Those opposed to the naming of Canberra's new Federal electorate after war correspondent and Australian War Memorial founder, Charles Bean, are shooting wide of the mark.
It is a dangerous practice to place a moratorium on honours for any of our 19th and early 20th century forbears who had the misfortune to have been "politically incorrect" by the standards of our time.
Edmund Barton, Billy Hughes, Alfred Deakin and John Curtin, like most politicians until the 1950s, were staunch champions of the "white Australia policy".
That hasn't stopped the nation from honouring them by naming Federal electorates in their memories.
To say Bean does not deserve the same purely on the basis of anti-semitic remarks that he subsequently regretted and made significant atonement for is double standards.
In the 1940s, at a time when public opinion was deeply divided on the matter, Bean supported the establishment of a safe refuge for the Jewish people in Australia.
He also conceded he had been wrong in opposing the promotion of Monash.
Charles Bean was, without doubt, one of the greatest Australians of his generation. He shared the hardships, and the dangers, of the diggers at Anzac Cove and on the Western front.
When asked by a dying soldier "will they remember me?" he left no stone unturned to ensure the answer was a resounding yes.
Bean was scrupulously fair in his reporting and writing and, far from traducing Monash on the basis of his religion, if anything later overstated the Australian General's contribution to the war effort.
Bean's 12-volume official war history and his best-selling abridged account "Anzac to Amiens" are among the most influential books published in this country in the last 100 years.
They helped to define the character of the young nation and set down the facts behind the Anzac legend for all time.
The real irony is that if Bean was alive, and able to comment on whether or not the new electorate should be named in his honour, today the odds are he would be staunchly opposed.
The Bathurst-born scribbler who took a bullet through the leg at Sari Bair on August 6, 1915, and then refused medical evacuation because he felt it was more important to record the deeds of the troops, never wanted the commemoration of Australia's World War I sacrifice to be about him.
This is despite the fact he displayed genuine heroism at Gallipoli on May 8, 1915, rescuing a wounded soldier under fire during the second Battle of Krithia.
Bean felt his words were his monument and that the real heroes were the men he wrote about.

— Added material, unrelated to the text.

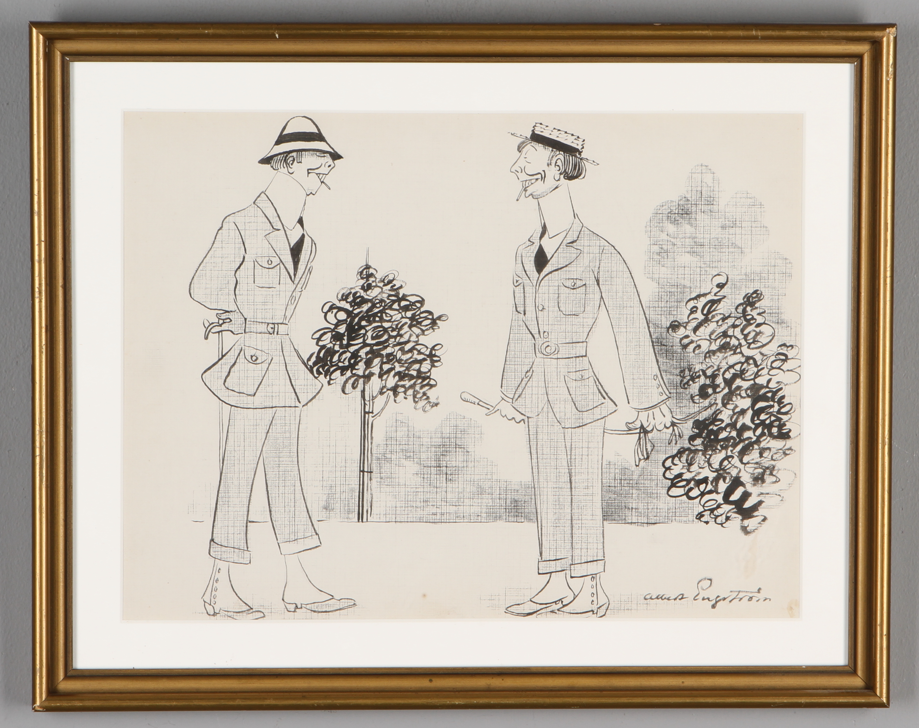 13104. FØLGETEGNINGER, 2 stk, Albert Engström og Axel Bäckman, blæk.

When, many years after the war, he was offered a knighthood the journalist/historian turned it down.
The real issue is not Bean's fitness to be honoured in this way but rather why the Australian Electoral Commission feels now is an appropriate time to honour yet another dead, white, male.
It is a shame they did not consider this an opportunity to recognise the many women, recent immigrants or people of indigenous background who are equally worthy of such an honour.